En tarot existe una confusión muy común que suele generar más ansiedad que claridad: la idea de que cada carta debe representar obligatoriamente a una persona.
Muchas personas preguntan ¿quién soy yo?, ¿quién es él/ella?, ¿qué carta lo representa? como si el tarot funcionara como un reparto de personaje, pero el tarot no siempre habla de identidades, sino de dinámicas, procesos y situaciones en movimiento.
Las cartas, en su esencia, no son personas.
Son estados de conciencia, energías activas, patrones emocionales, decisiones, conflictos, intenciones o momentos específicos dentro de una historia más amplia.

Cuando forzamos a que una carta represente a alguien en específico, corremos el riesgo de interpretar desde el ego y no desde la lectura real, de proyectar expectativas, miedos o deseos personales, crear conflictos innecesarios (¿por qué él es tal carta y yo esta otra?) y de perder el mensaje central de la tirada

Una misma carta puede describir una actitud, una fase emocional, una decisión no tomada, una reacción inconsciente, o incluso algo que ambas personas comparten dentro de la situación. Por ejemplo, una carta como la reina de espadas no tiene por qué ser la mujer de la tirada,
puede estar señalando frialdad emocional, necesidad de límites, comunicación cortante o distancia mental dentro del vínculo, sin importar quién la esté encarnando en ese momento.

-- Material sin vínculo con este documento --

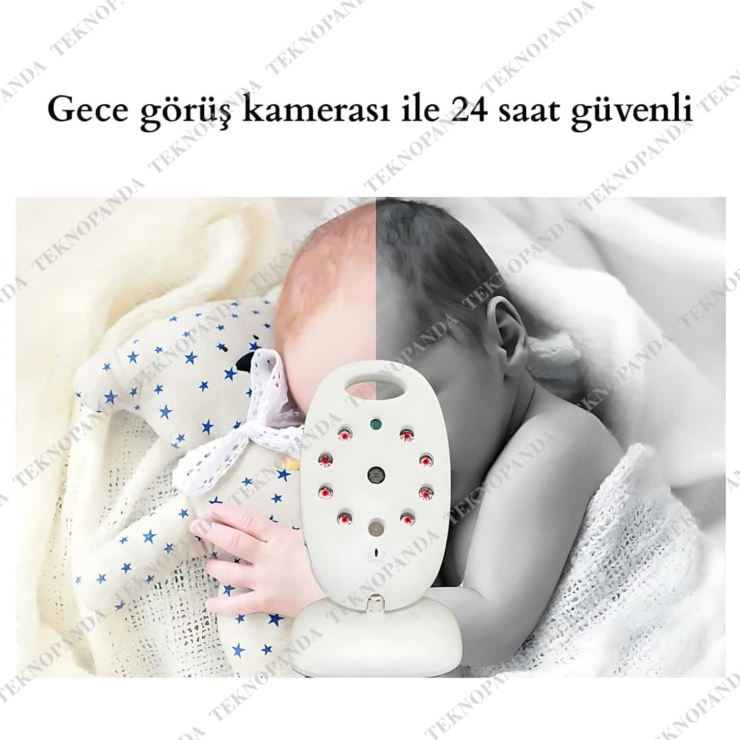 Bebek kamera ünitesi, üzerinde bulunan 8 adet yüksek yoğunluklu kızıl ötesi LED’ler sayesinde otomatik olarak gece görüşü imkanı sağlar. Bu sayede bebeğinizi karanlık bir odada uyurken dahi net olarak izleyebilirsiniz.

El tarot habla mejor cuando lo leemos como lo que es, un lenguaje simbólico que describe lo que ocurre, no un etiquetador de personas.

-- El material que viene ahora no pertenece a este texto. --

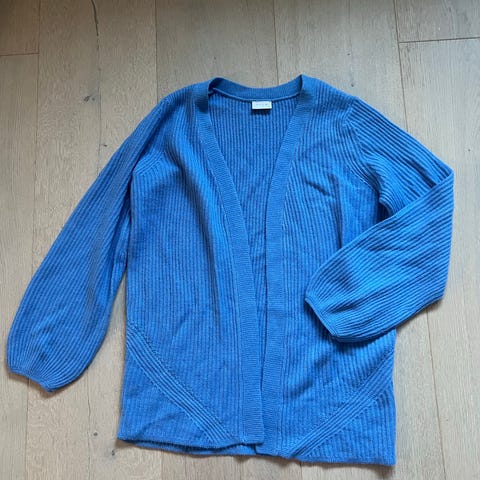 Pent brukt lang cardigan med lommer, 50% ull.

Cuando soltamos la necesidad de asignar personajes, la lectura se vuelve más honesta, más profunda y, sobre todo, más útil. Porque el tarot no está ahí para señalar culpables o protagonistas, sino para mostrar la verdad de la situación y el aprendizaje que contiene.

Leer tarot no es preguntar quién es quién, sino comprender qué está pasando y por qué.